# adjust handlebars



## zenlakin (Jan 31, 2010)

I have a 2006 gary fisher tassajara and I am reaching out to anyone that can help me figure out how to adjust the handlebar height??


----------



## zebrahum (Jun 29, 2005)

The handlebar height can only be changed by changing the stem to a different one. What are you trying to do by changing the handlebar height?


----------



## zenlakin (Jan 31, 2010)

I just want to raise the handlebars up a little so I don't feel like I am leaning over quite so much since I had to raise the seat when i bought the bike.


----------



## EABiker (Jun 24, 2004)

If they are riser bars, you can raise them a bit by rotating them; that's assuming that it's not already been done.


----------



## theMeat (Jan 5, 2010)

You've got a few options/possibilities. 
Taller and/or shorter stem.
More spacers under stem if you have room.
Rotate the bars if they're riser bars, or get bars with more rise.


----------



## zenlakin (Jan 31, 2010)

I will have to check that out when I get home. From looking at it briefly I didn't even see how you go about taking the handlebars off..


----------



## TenSpeed (Feb 14, 2012)

The stem will have a front plate with allen screws, 2 or 4, depending on the stem. Undo those with the proper allen wrench, and you can rotate the bar. You don't need to take them all the way off, just loosen them. Once you do this, don't forget to adjust your shifters and brake levers to match your new angle.


----------



## Slozomby (Mar 22, 2012)

zenlakin said:


> I will have to check that out when I get home. From looking at it briefly I didn't even see how you go about taking the handlebars off..
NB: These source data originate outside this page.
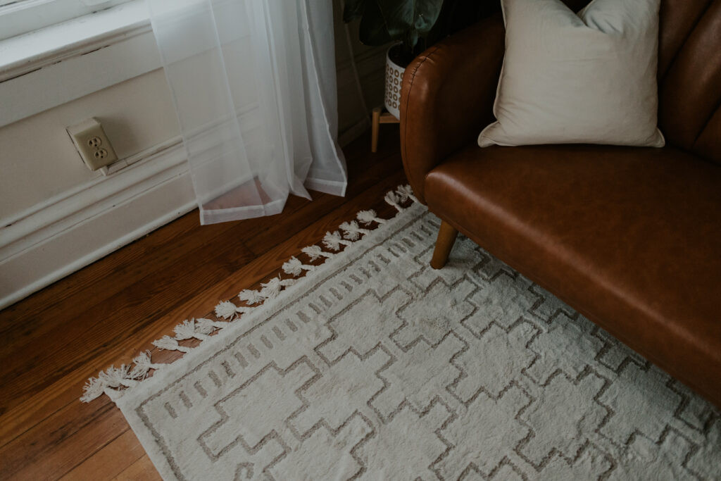 With the new gallery wall, you’ll see more texture, more nods to nature and even more neutral and earth tones (olive greens + terracotta-like oranges)! I was inspired, not only by the nature around us, but also some vintage and southwest vibes. Peep the new rug 👀
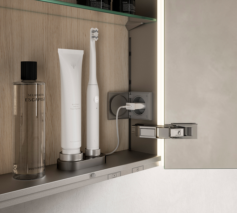 Im reduzierten Look des Korpus verbirgt sich das großzügige Innenleben. Dies beinhaltet viel Stauraum und praktische Details erleichtern den Alltag. Die Glasböden können so angeordnet werden, wie sie für die großen und kleinen Pflegeprodukte benötigt werden. Eine seitlich angebrachte Steckdose ermöglicht das Laden der Zahnbürste im Spiegelschrank. Sie ist mit einem Klappdeckel geschützt und kommt zum Vorschein, wenn sie gebraucht wird. Soft-close Scharniere sorgen für leises und sanftes Schließen der Türen, auch wenn diese mal schwungvoll geschlossen werden. Dank beidseitig verspiegelter Türen kann man sich auch von hinten betrachten.
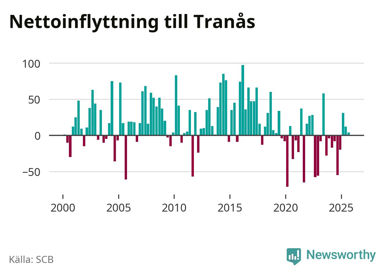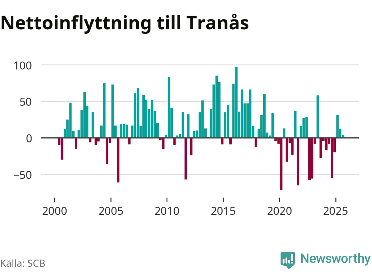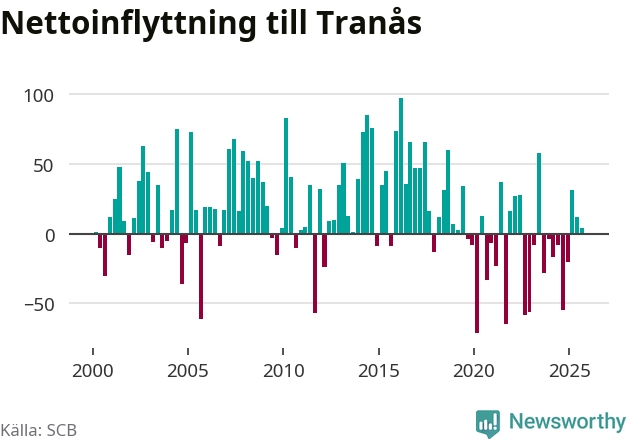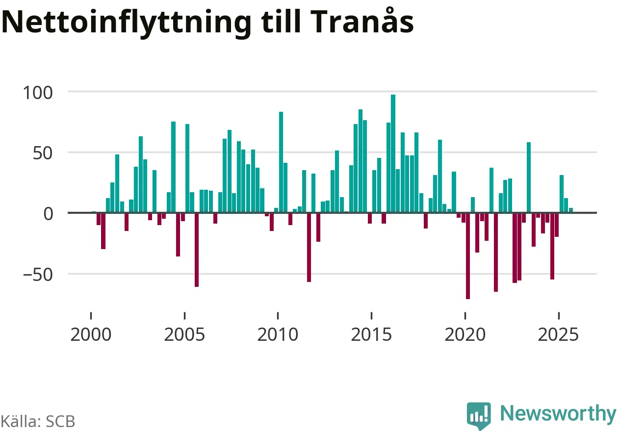 Under tredje kvartalet 2025 flyttade 272 personer till kommunen medan 268 personer flyttade därifrån. Skillnaden mellan antalet in- och utflyttade är så liten att den lika gärna kan bero på SCB:s slumpmässiga brus. Sedan seklets början har Tranås haft ungefär lika många kvartal med positivt flyttnetto som negativt.
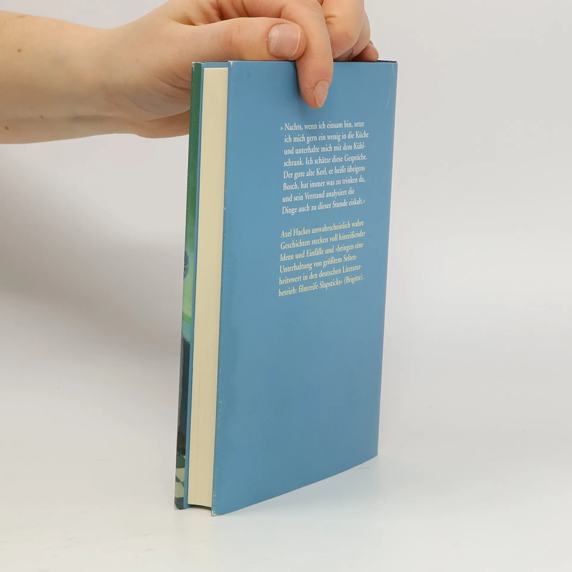 »Eines Tages, als ich allein in der Kneipe stand, zupfte mich ein riesiges graugrünes Monster am Ärmel und sagte: Hey, willste nich mal ein Buch schreiben? Ich hab nix mehr zu lesen!« Zum Glück hat Axel Hacke auf das Monster gehört. Und deshalb wissen wir jetzt, wie man sich den Abend vertreiben kann: »Nachts, wenn ich einsam bin, setze ich mich gern ein wenig in die Küche und unterhalte mich mit dem Kühlschrank. Ich schätze diese Gespräche. Der gute alte Kerl, er heißt übrigens Bosch, hat immer was zu trinken da, und sein Verstand analysiert die Dinge auch zu dieser Stunde eiskalt.« Aber man erfährt auch die wahre Geschichte über das traurige Leben des Schriftstellers Gehret und seine fantastische Sprachbesessenheit. Das Wahre ist, bei Tageslicht betrachtet, genauso unwahrscheinlich wie das Unwahrscheinliche wahr. Ob erlebt oder erfunden, wer möchte das bei diesen liebevoll-ironischen, dabei sehr genauen Beobachtungen eines skurrilen Alltags noch entscheiden. »Hinreißende Ideen und Einfälle bringen eine Unterhaltung von größtem Seltenheitswert in den deutschen Literaturbetrieb: filmreife Slapsticks.« Brigitte.
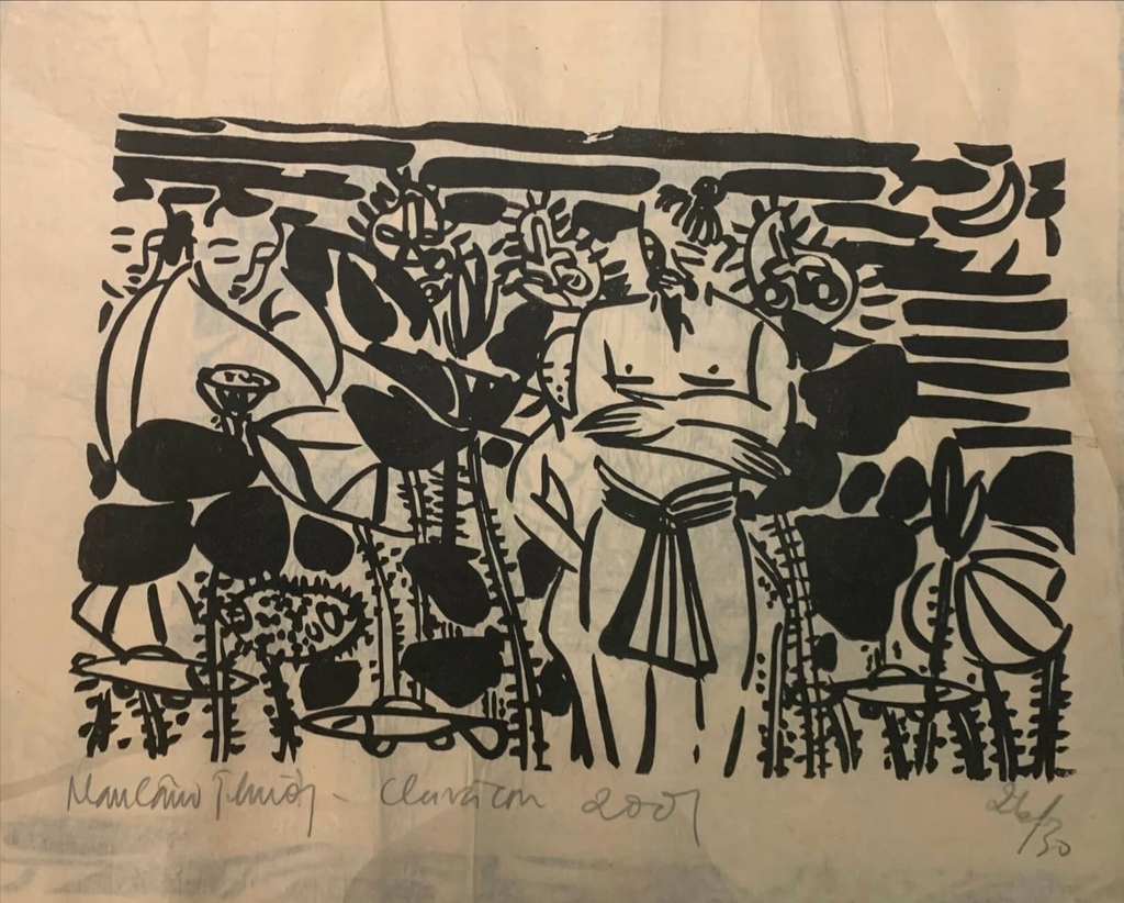 Tranh in khắc gỗ mực than lá tre trên giấy dó "Cha và con" (26/30) - Phan Cẩm Thượng
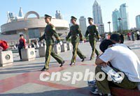 圖:上海博物館廣場警隊巡邏 2001年10月16日 11:36 ![]() 在上海博物館廣場,一隊武裝警察上海博物館巡邏而過,路旁一對小情侶正在熱戀之中。APEC會議的嘉賓十月中旬將在這里參觀中國文物。中新社記者 賈國榮 攝 |
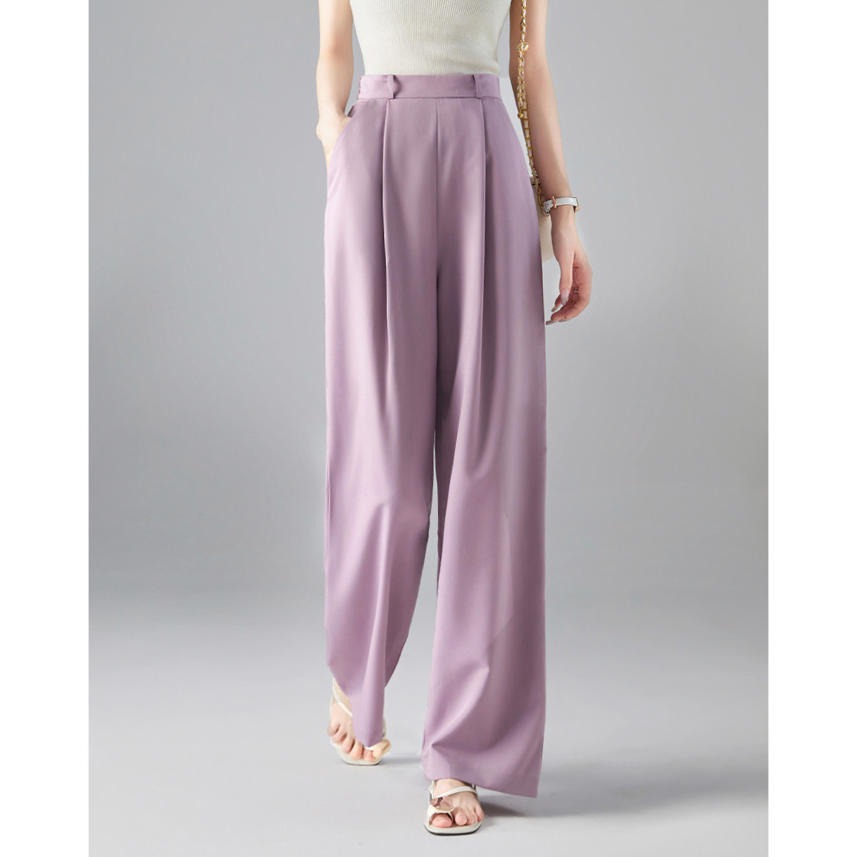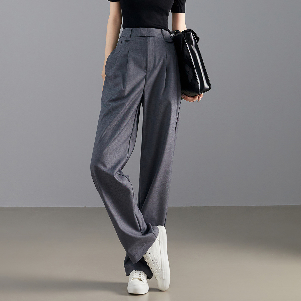 【雅绅风度】春季通勤简约中腰直筒裤垂感舒适遮胯藏肉女式休闲裤 123329

to swap the stem you'll need to take the single bolt from the head cap ( round thing on the top of the steering tube) off as well as the 2-4 bolts from the stem itself where its wrapped around the steering tube. make sure the forks are supported, or the bikes on the ground.

to swap bars. take everything off the bars. then 2 or 4 bolts from the front of the stem where it wraps around the handlebars.

it'll take a little playing to figure out where you want it. you might hit a local shop/coop and see if they have a few you can swap and try.

there are a couple of different sizes so be sure you're getting stuff that lines up with what you have. 1/18 threadless. not sure if its 25mm bars or 31.8. easy enough to measure so you get the right parts. you might need additional/different spacers depending on which physical dimensions of the replacement stem.


----------